Ted Felicetti also knows what it's like to win. As a member of the band Split Fifty, he toured professionally for ten years. He played the Warp Tour. He made his living as a musician, and played to hundreds of thousands of fans over the course of his career.
He also knows what it's like to fail. To work hard and come up a little short. To spend hundreds of hours playing and testing and improving and winning, only to fall in the finals of Pro Tour Qualifier after Pro Tour Qualifier. To lose win-and-in after win-and-in at Grand Prix.
But it took his experience with both to lead him to Pro Tour Guilds of Ravnica.
"I should just buy a bridesmaid dress, for all the times I've lost win-and-ins for the Pro Tour," he said with a rueful laugh. "It seems like all my friends are always on the Pro Tour and I'm the one at home watching coverage playing Magic Online."

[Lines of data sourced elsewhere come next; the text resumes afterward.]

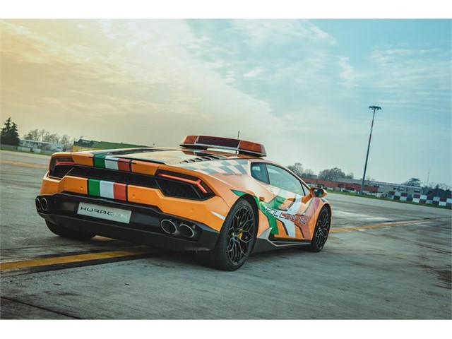 Служебный суперкар с призывом "Follow Me" - "Следуй за мной" в ярко-оранжевом окрасе имеет стробоскопы на крыше, черные квадратные шашечки на капоте и радио, чтобы связываться с диспетчерской службой аэропорта. Дизайн автомобиля, который создан сотрудниками центра стиля компании, повторяет цвета итальянского флага.
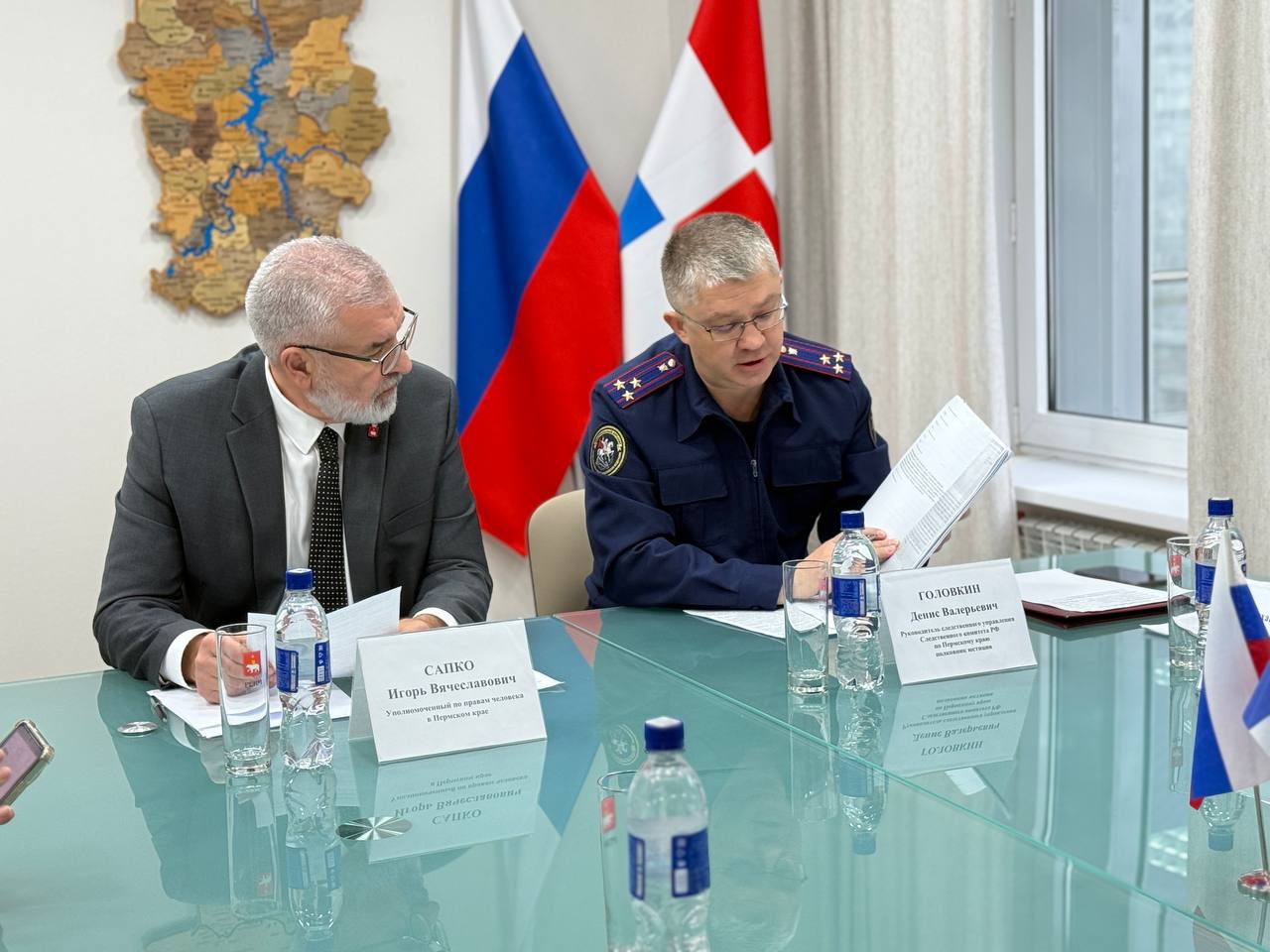 27 ноября 2025 года руководитель следственного управления Следственного комитета Российской Федерации по Пермскому краю Денис Валерьевич Головкин и Уполномоченный по правам человека в Пермском крае Игорь Вячеславович Сапко провели совместный прием граждан по вопросам защиты их прав и законных интересов.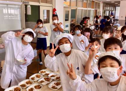 今日は、めっちゃ元気な5年生の給食風景をお届けいたします♪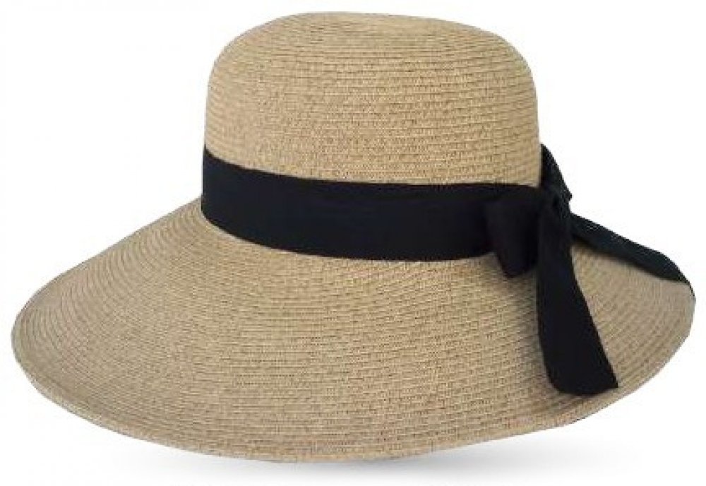 Dámský papírový klobouk zdobený stuhou sv. béžový melír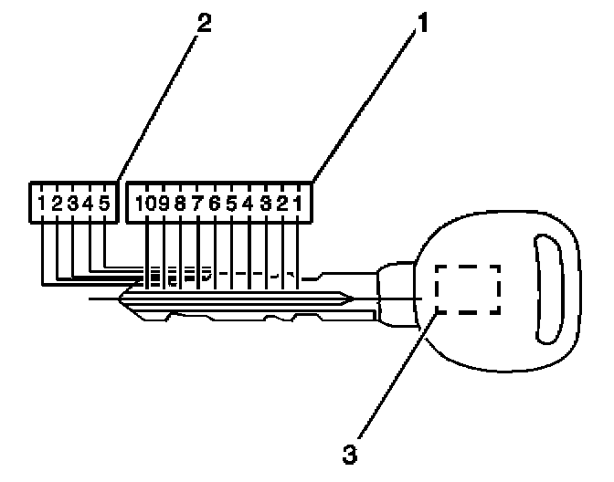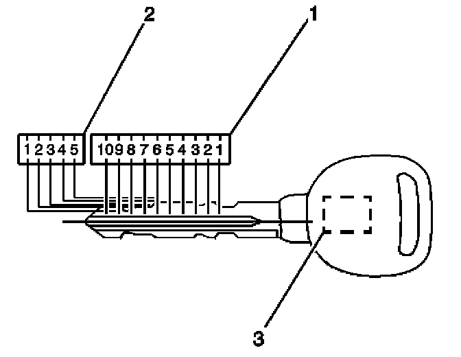 The key code can be obtained from the five-digit number on the key tag that accompanies the original master and valet keys. The five-digit key code cross references to the cut and tumbler sequence. The keys have 10 key cut positions (1) and five key cut depths (2). Key cut positions are numbered 1-10, counting from the head of the key to the tip. The key cut depths are 1-5, cut depth number 1 is the deepest cut. The key transponder (3) in the master and valet key must be programmed to the vehicle.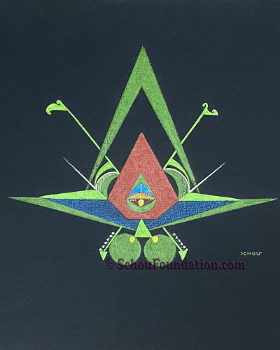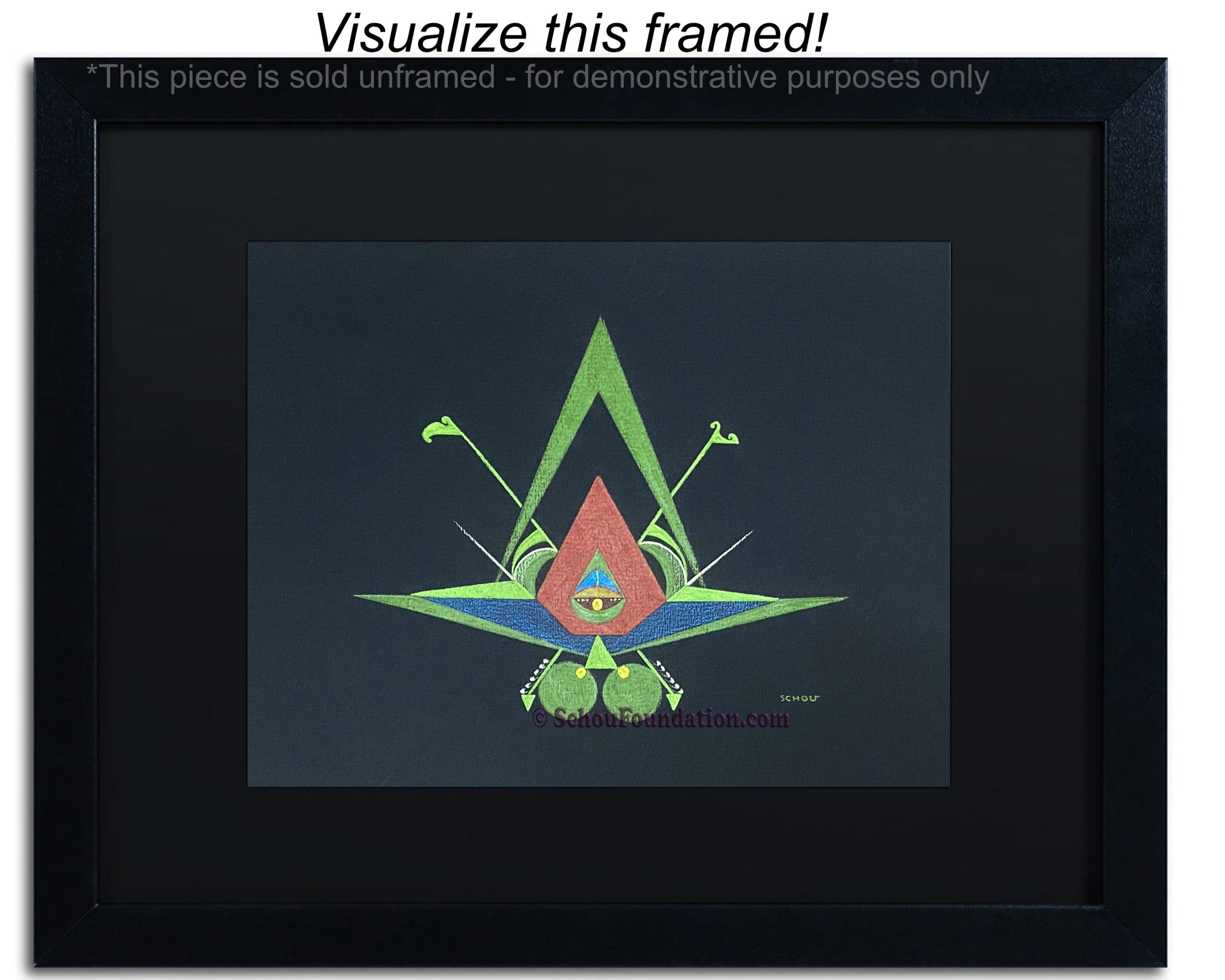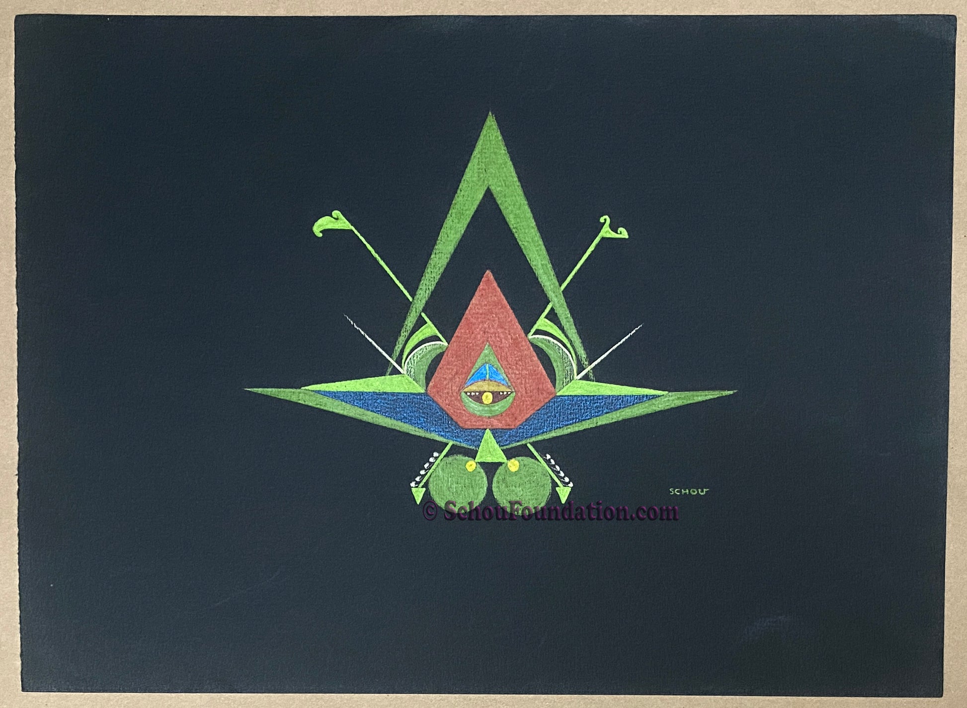 Complex vignette was created with Prismacolor wax pencil on heavy-toothed black paper; part of the Black Paper Series by San Francisco artist John Schou. Piece is signed and undated, circa 1967-1971.

He may not have liked it at the time, but all that time on Magic Online paid off earlier this year when Felicetti won the monthly Magic Online Championship Series event, qualifying him for a playoff later this season at Wizards of the Coast in Renton, Washington, as well as a Pro Tour berth a long time in the making.
24 years in the making, that is, for the leader in Magic Online Guilds of Ravnica Standard Leagues trophies. He began playing Magic in 1994—"My first pack was Fallen Empires," he said with a knowing grin—but stopped when his music career began taking off. It wasn't until 2011 that he came back to the game on a friend's suggestion.
"I didn't even know Magic was still around," he admitted. "But I gave it a shot again and then I started to get more competitive and started playing a lot online."
Magic Online soon turned into SCG Tour events and then Grand Prix as well. And it was clear before long that Felicetti had what it took to succeed in the game, but no matter how many deep runs or SCG Top 8 appearances he amassed, the ultimate goal of reaching the Pro Tour remained just out of reach.
It's enough to make most people quit. But Felicetti isn't most people. Drawing on his experience moving up the ranks of the music world, he kept working and improving. Not only is he good-natured about the near-misses, he wouldn't trade them in for an easy path to the Pro Tour.
"All those losses did is make me better," he said. "You have to earn it. I put in my time and it paid off."
Felicetti put in more than time—he has been an innovator of the Guilds of Ravnica Standard format. He was one of the first to innovate the Path of Discovery explore deck in the format, and helped advance the fledgling format along with friends and testing partners Gabriel Nassif, Eli Kassis, and Shaheen Soorani, all of whom have benefitted from their time playing with Felicetti and have gone on to considerable success at the professional level.
Now he's at the Pro Tour himself, locked in for Day Two and live for a shot at requalifying for the next one with an 11-5 finish. And while he may appreciate the lessons the losses have taught him, he's ready to start winning.
"I'm happy I'm here and I want to come back," he said simply. "It's up to me now."